Adalet, bir vicdan muhasebesi, bir duygu işi ve bir idealdir.
Toplumu oluşturan yurttaşlar arasında adaletin var olduğu hissiyatının yaşayabilmesi hukuk devletinin varlığı ile mümkündür.
Hukuk devleti ilkesi, tüm hukukçular bir yana hukukçu olmayan ancak hukuka tabi olmak zorunda olan tüm devlet kurum ve kuruluşlarının dahi takip etmesi gereken en önemli ilkedir.
Hukuk, toplumun genel menfaatini veya fertlerin ve toplumun ortak iyiliğini sağlamak maksadıyla konulan ve kamu gücüyle desteklenen kural , hak ve kanunların bütünüdür.Daha
yaygın bir tanımıyla hukuk, adalete yönelmiş toplumsal yaşama düzenidir.
Hukukun üstünlüğü, devletin tüm organları üzerinde hukukun mutlak bir egemenliğe sahip olmasıdır.
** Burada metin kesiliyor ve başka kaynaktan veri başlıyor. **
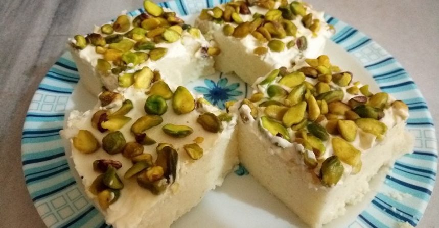 لتر حليب كاس سميد ظرف بيكنج باودر مستكة ملعقة ماء زهر ٣معالق سكر يوضع الخليط.ع الغاز ويحرك حتى يصبح سميك بعدها يوضع بصينية ويوضع فوق الخليط علبتين قشطة وفستق حلبي وتوضع بلثلاجة لمدة ٣ساعات وتصبح جاهزة للتقديم ويوضع فوقها القطر حسب الرغبة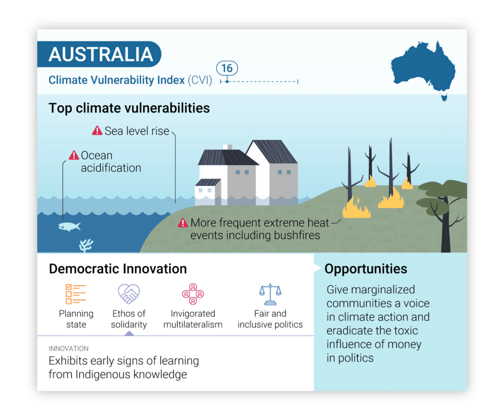 The series of infographics contain details on democratic innovation across 10 countries from the Asia and Pacific region and the audience needs both country-specific details as well as the ability to compare countries to one another. Our templated design facilitates this comparison and is structured so that data unavailable in some countries (due to the nuance of the information) doesn’t appear as a missing hole.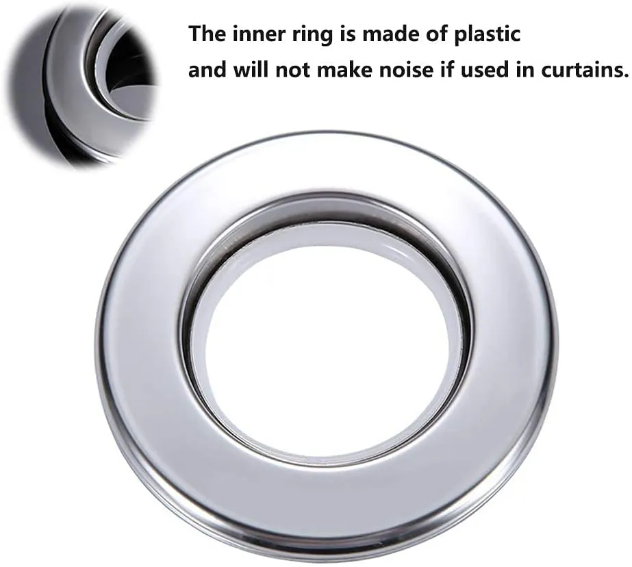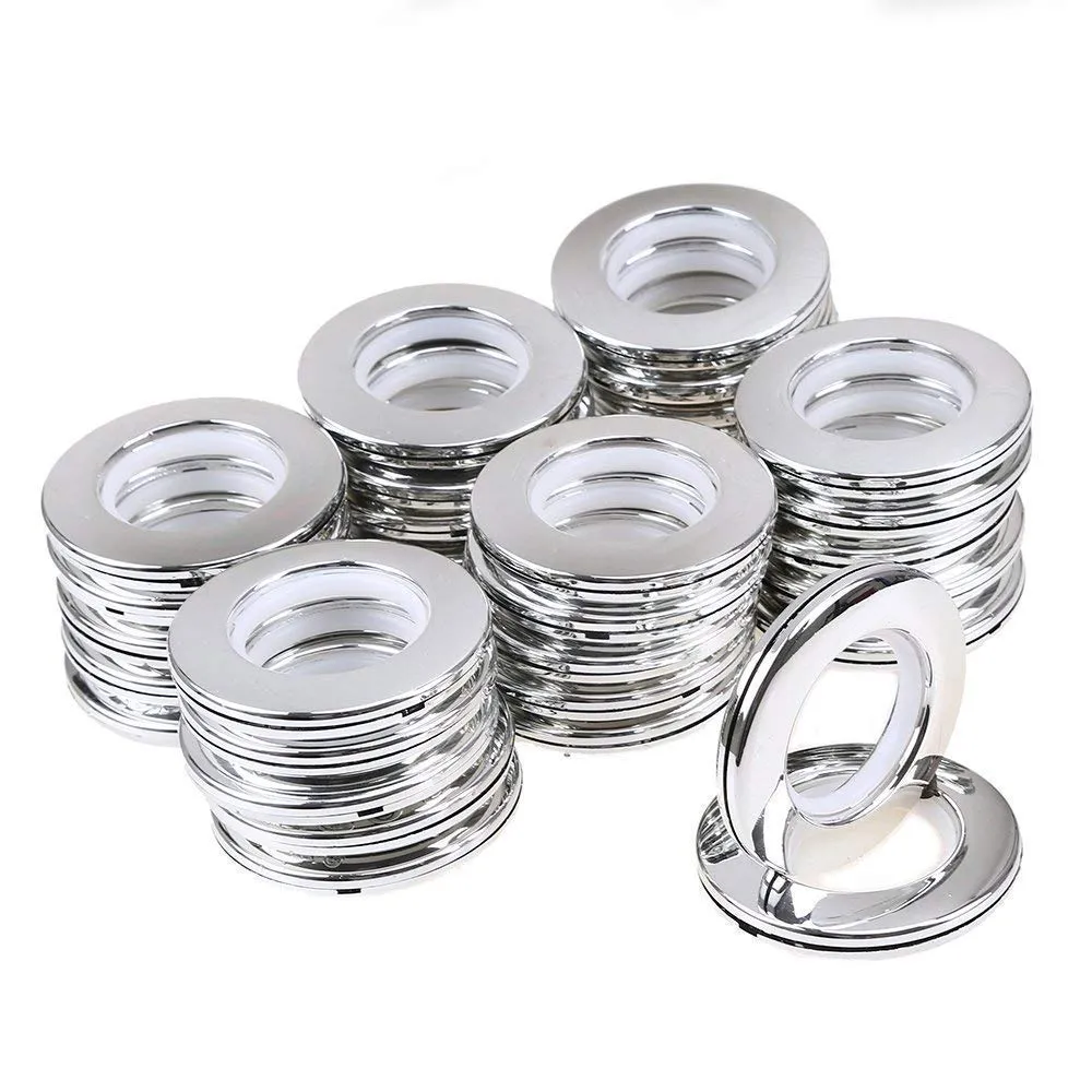 QZibeva Pack of 24 Piece Glossy Male Female Silent Inside Plastic Double Sided Curtain Rings for Door and Window Curtains Eyelet Curtain Rings Silver

Hukukun üstünlüğü ilkesi, hukuk devletinin ve demokrasinin vazgeçilmez en önemli koşuludur
Adalet için once hukuk devleti ilkesi , ardından hukukun üstinlüğünün esas alınması ve en önemlisi adil yargılanma hakkının kısıtlanmaması gerekmektedir.
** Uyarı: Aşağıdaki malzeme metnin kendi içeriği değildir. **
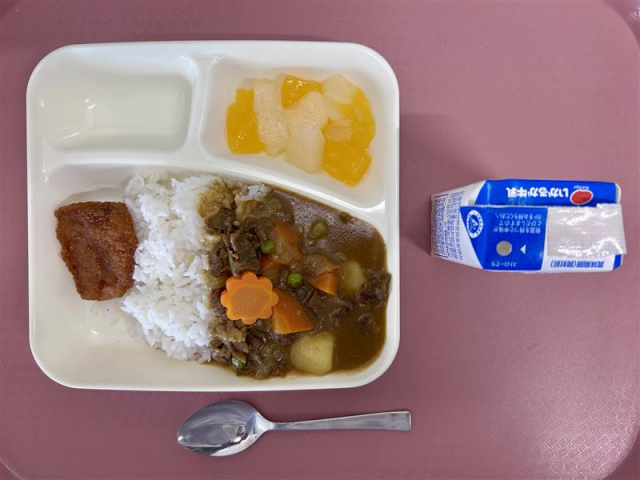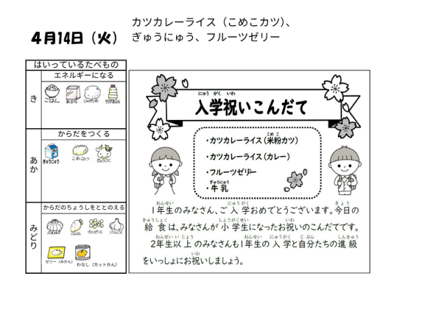 4月14日(火)の給食は入学祝い献立の「カツカレーライス(米粉カツ) 牛乳 フルーツゼリー」でした。

Mahkemeler tarafsız ve bağımsız olmalı , herkes adil yargılanmalı ve Adalet hızla tecelli etmelidir.
Bu gün için Ülkemize baktığımızda : Güzel Ülkemizde OHAL süreci yaşanırken ne hukukun üstünlüğünden , ne de adil yargılanmadan söz edemiyoruz. Devletimiz kuvvetler prensibi içinde hukuk devleti olmaktan uzaklaşıyor ; Yargı ise , bağımsızlığını yitirdiği gibi tarafsızlığını da kaybediyor. Bu da yetmiyor yargılama süreçleri uzadıkça uzuyor ve Vatandaş hakkına makul sürede kavuşamıyor.
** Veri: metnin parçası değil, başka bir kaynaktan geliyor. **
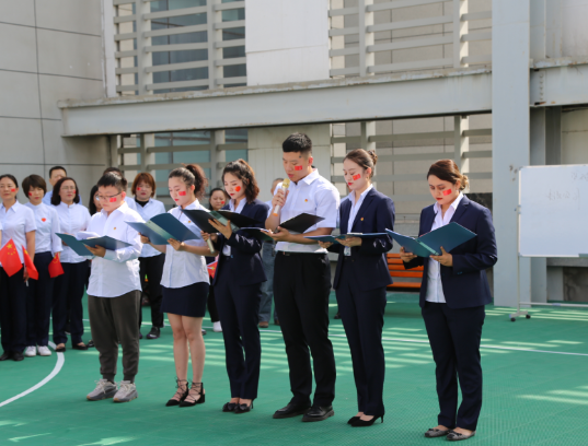活動(dòng)中集團(tuán)機(jī)關(guān)團(tuán)支部青年團(tuán)員代表在國(guó)旗下深情朗誦詩(shī)歌《祖國(guó)頌 》,用飽含深情、鏗鏘有力的詩(shī)歌抒發(fā)對(duì)公司的感恩,青年團(tuán)員在未來(lái)艱苦奮斗、不忘初心的決心,更表達(dá)了對(duì)祖國(guó)的熱愛(ài)和祝福。《我和我的祖國(guó)》音樂(lè)聲響起,參加活動(dòng)的全體干部員工共同放聲高歌。

Türkiye'nin demokratikleşme standartlarının her geçen gün artırılması ; Özgürlüklerin ve hakların genişletilmesi ; Adalet duygusunun nerdeyse yok olduğu ortam yerine tam demokrasinin inşası gereklidir.
Bunları artık sadece tarihe not düşmek için yazmayalım… Güzel Ülkemiz daha müreffeh , daha demokratik , daha güzel , daha mutlu ve daha aydınlık günleri hak etmiyor mu ?
Ama en önemlisi ” Mustafa Kemal Atatürk’ün dediği gibi Adalet gücü bağımsız olmayan bir milletin, devlet halinde varlığı kabul olunmaz.” İlkesini asala aklımızdan çıkarmayalım.